---------- SOURCE MATERIAL ----------

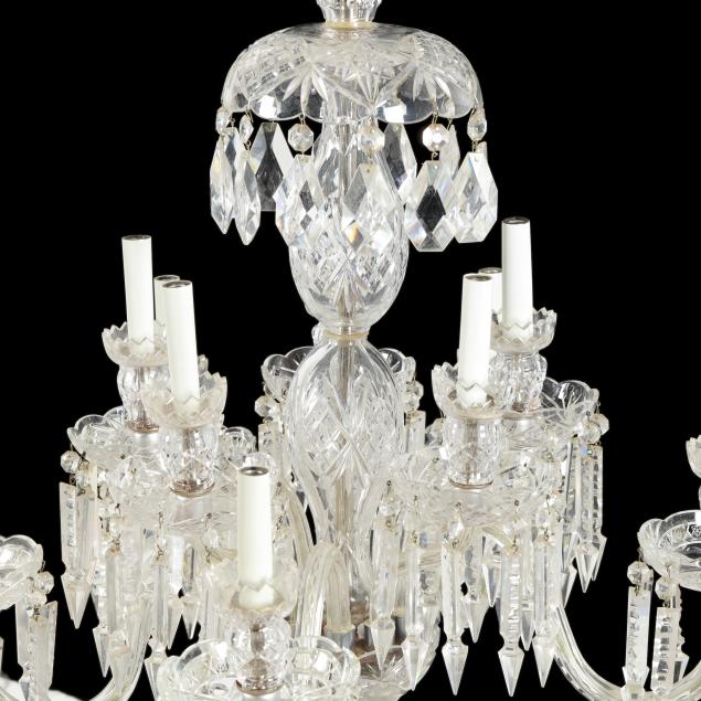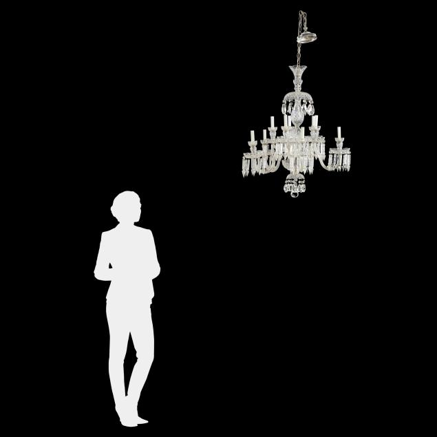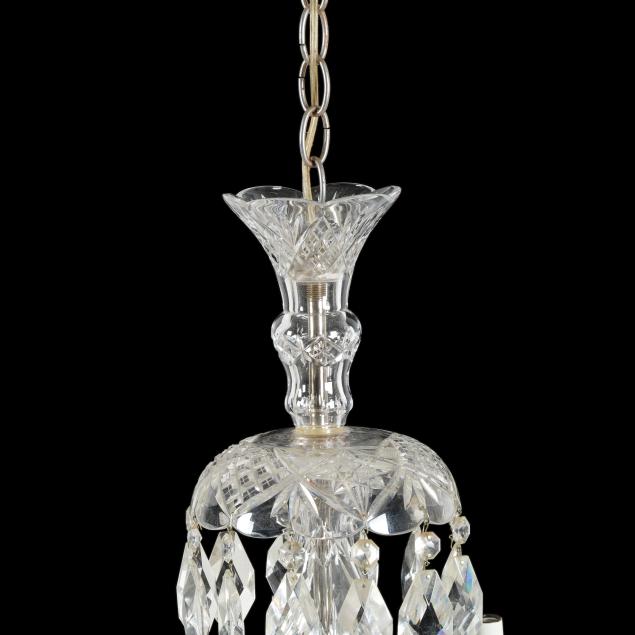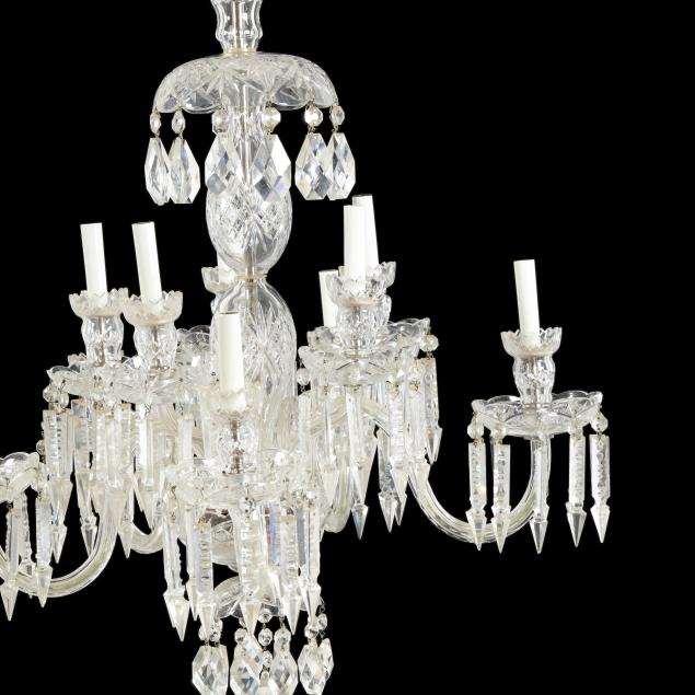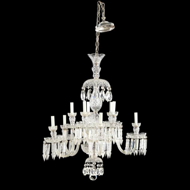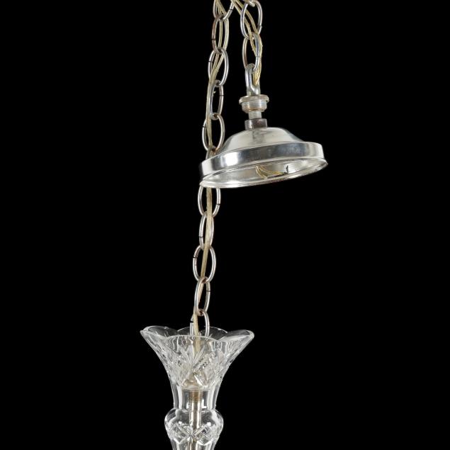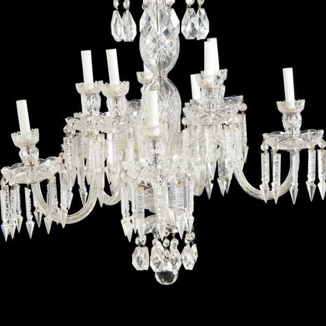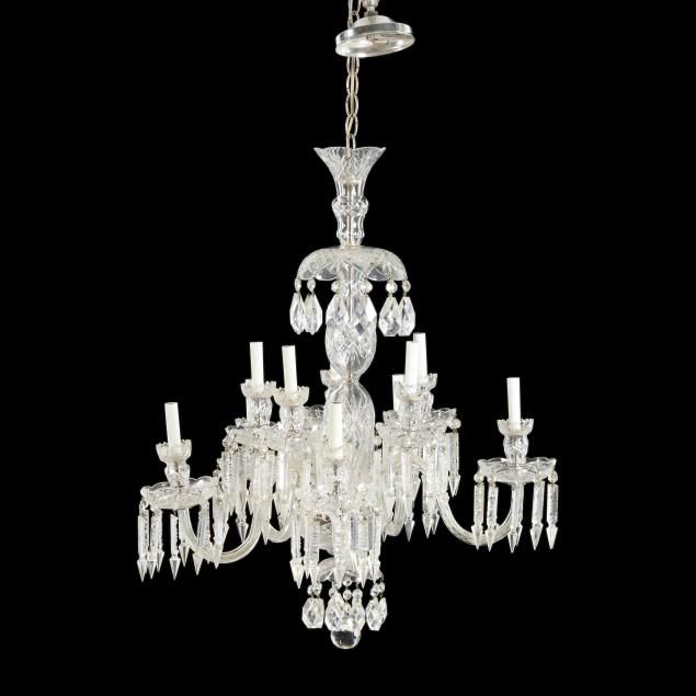 First half 20th century, ten-light form with chrome mounts, wheel cut and polished crystal with various size and pattern drop prisms, with ceiling cap and chain, appears unmarked.
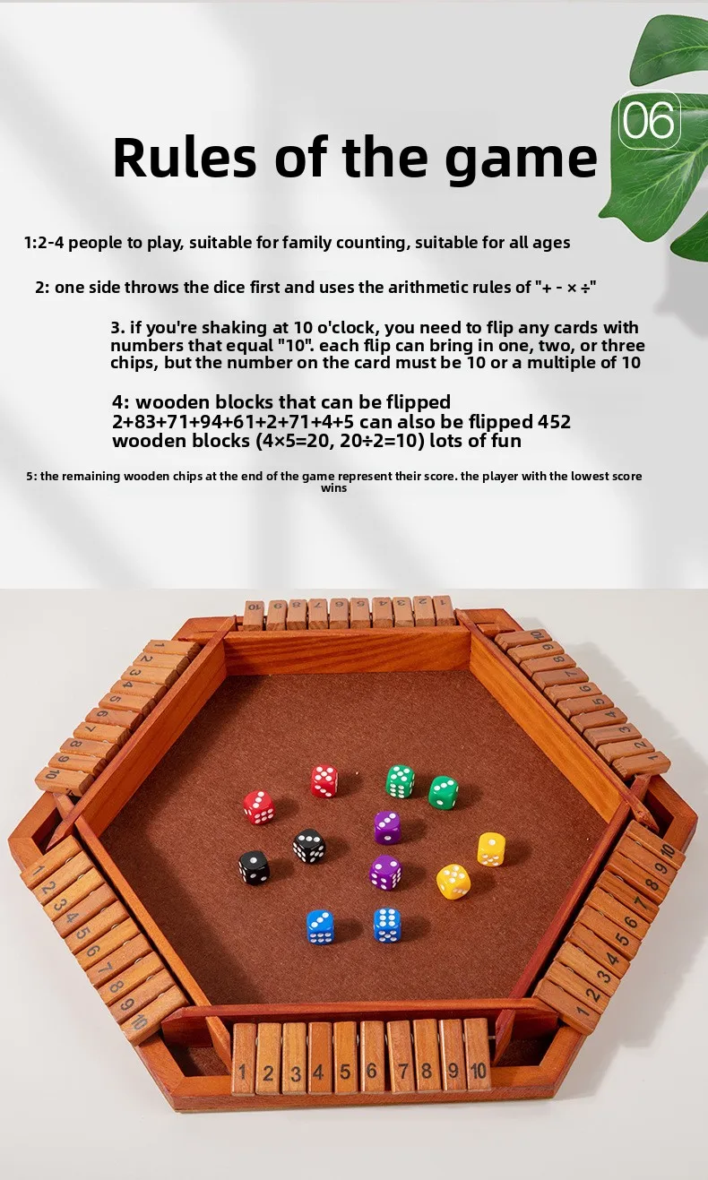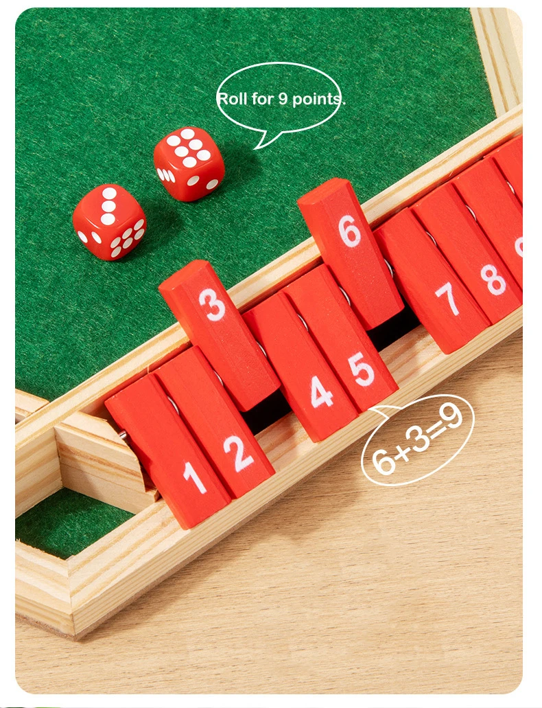 Qiaike Shut the Box Dice Game 2-6 Player Family Wooden Board Table Math Games for Adults and Kids Party Club Game
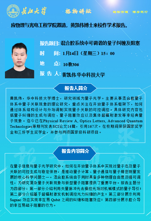 物电学院2026年学术报告第三讲-混合腔系统中可调谐的量子纠缠及阻塞
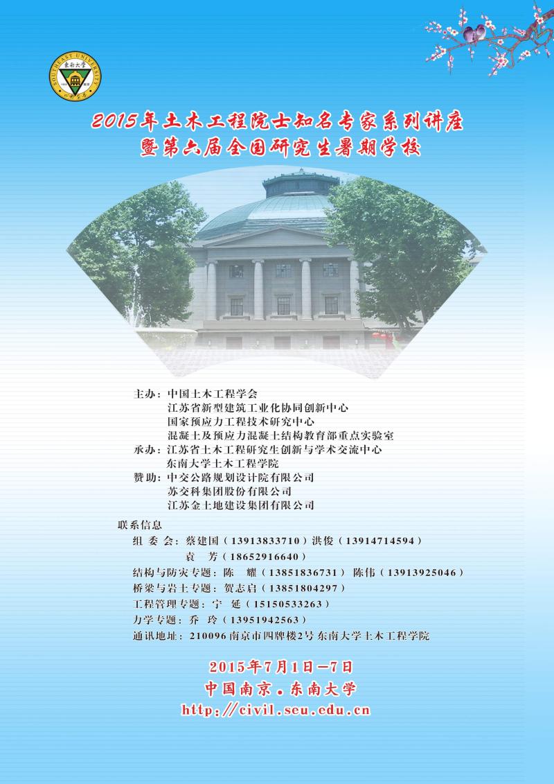 2015年土木工程院士知名专家系列讲座暨第六届全国研究生暑期学校(第一号通知)http:/e8/19/c1252a124953/page.htm
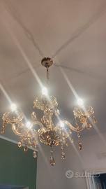 1 Lampadario da 5 luci lampada in vetro cristallo trasparente. 1 Lampada da parte Applique in vetro cristallo trasparente.

----------

*EXERCISE BRIEF*.
Write the entries above out again exactly, but not the pictures.

*SOLVED EXERCISE*.
 First half 20th century, ten-light form with chrome mounts, wheel cut and polished crystal with various size and pattern drop prisms, with ceiling cap and chain, appears unmarked.
 Qiaike Shut the Box Dice Game 2-6 Player Family Wooden Board Table Math Games for Adults and Kids Party Club Game
 物电学院2026年学术报告第三讲-混合腔系统中可调谐的量子纠缠及阻塞
 2015年土木工程院士知名专家系列讲座暨第六届全国研究生暑期学校(第一号通知)http:/e8/19/c1252a124953/page.htm
 1 Lampadario da 5 luci lampada in vetro cristallo trasparente. 1 Lampada da parte Applique in vetro cristallo trasparente.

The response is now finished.